Tech Shout!

Google has announced that it has made an “adjustment” to its Google Desktop application, to halt attacks that exploit and take advantage of an unpatched vulnerability in Microsoft’s Internet Explorer (IE) Web browser.

The IE flaw was reported late last week by Israeli security researcher Matan Gillon, who found a way of stealing information from un-witting Google Desktop users through exploiting the IE flaw.

Gillon designed a Web page, which when viewed in IE on a computer with Google Desktop installed, used the search tool and returned results for the query “password”.

The researcher described the IE flaw as a design error, which causes IE to allow a violation of the cross-domain security model. He said that IE does not properly parse CSS (cascading style sheet) files, and allows the importation of files that are not valid CSS files. Thereby allowing an attacker to retrieve private user data, or execute operations on behalf of the user on remote domains.

Gillon states that by simply luring a potential tareget to visit a malicious webpage, the bug could be actually exploited. He advised users to disable JavaScript or use a different browser, till such a time as Microsoft releases a patch for the IE flaw.

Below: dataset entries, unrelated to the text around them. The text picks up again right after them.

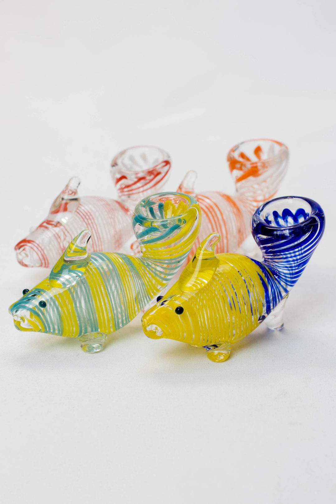 As much as we love bongs there is just something too classic about pipes. It also helps that pipes have literally been used for thousands of years. They can be often seen at museums and it always warms our heart to see a pipe thousands of years old. To see another person like us thousands of years ago enjoying herbs ' yeah we can relate. These soft glass hand pipes look beautiful and have a goldfish design. Do note that the pattern and color of your pipe may be a bit different from what you see in the picture.
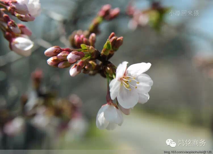 走进校园,果然路两边以樱花树作为行道树,但是很多花花正是含苞未放,未免遗憾--还是心太急了一点。虽然如此,毕竟大约已有30%已经开放,那就开始赏樱吧。
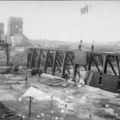 Stellen van de onderschuiven bij de bouw van de stuw in Belfeld.

Meanwhile help has come from unexpected quarters

On December 6th, Google spokesperson - Sonya Boralv reportedly said, that they have made an adjustment to the product, to help protect users.

Boralv said that users are not required to take any action to get protected, because the changes have been made at Google’s end, to block the remote access attack vector. She did not divulge any details, on the extent of the modification to Google Desktop.

Post the Google announcement, a test of the proof-of-concept page created by Gillon has confirmed that the attack no longer works.

Microsoft has said it might go ahead and issue a security update or an advisory on the problem.